Interaction analysis of the GFP:GFP-nanobody complex. (A) Binding of GFP to biotinylated GFP-nanobody measured using an Octet RED interferometer. Depicted sensorgrams represent complex formation (first 300 s) at 500, 250, 125, 62.5, 31.25, and 0 nM of GFP and subsequent dissociation of the complex in binding buffer without GFP (300–1200 s). (B) ITC binding thermogram of GFP binding to GFP-nanobody.

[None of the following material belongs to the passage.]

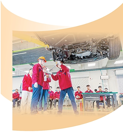 山东水利技师学院实训中心,学生正进行整车维修和保养操作。 |

GFP-nanobody (47 μM) was titrated into GFP (5.2 μM) at 37°C. The top panel shows the raw data, whereas the bottom panel shows the integrated normalized data for binding. (C) Graph of ΔH vs. temperature for the interaction of GFP with the GFP-nanobody. (D) Cut-away surface representations show the binding interfaces of GFP and GFP-nanobody. GFP is colored with red to highlight contact with GFP-nanobody, whereas GFP-nanobody is conversely colored green to indicate contact with GFP.

Figure 6

Engineering of CFP for GFP-nanobody binding. (A) Normalized fluorescence emission spectra for GFP, CFP, and mutant proteins after excitation at 430 nm. (B) Fluorescence intensity of GFP, CFP, and mutants measured using 430Ex/485Em and 485Ex/528Em filter sets, respectively. (C) Affinity precipitation of in vitro translated GFP, CFP, and their mutants were performed using sepharose-coupled GFP-nanobody, and the eluates were analyzed by SDS-PAGE followed by anti-GFP/CFP Western blotting (D) Quantification of gels shown in Figure 6(C) by IR densitometry (Odyssey Imaging System).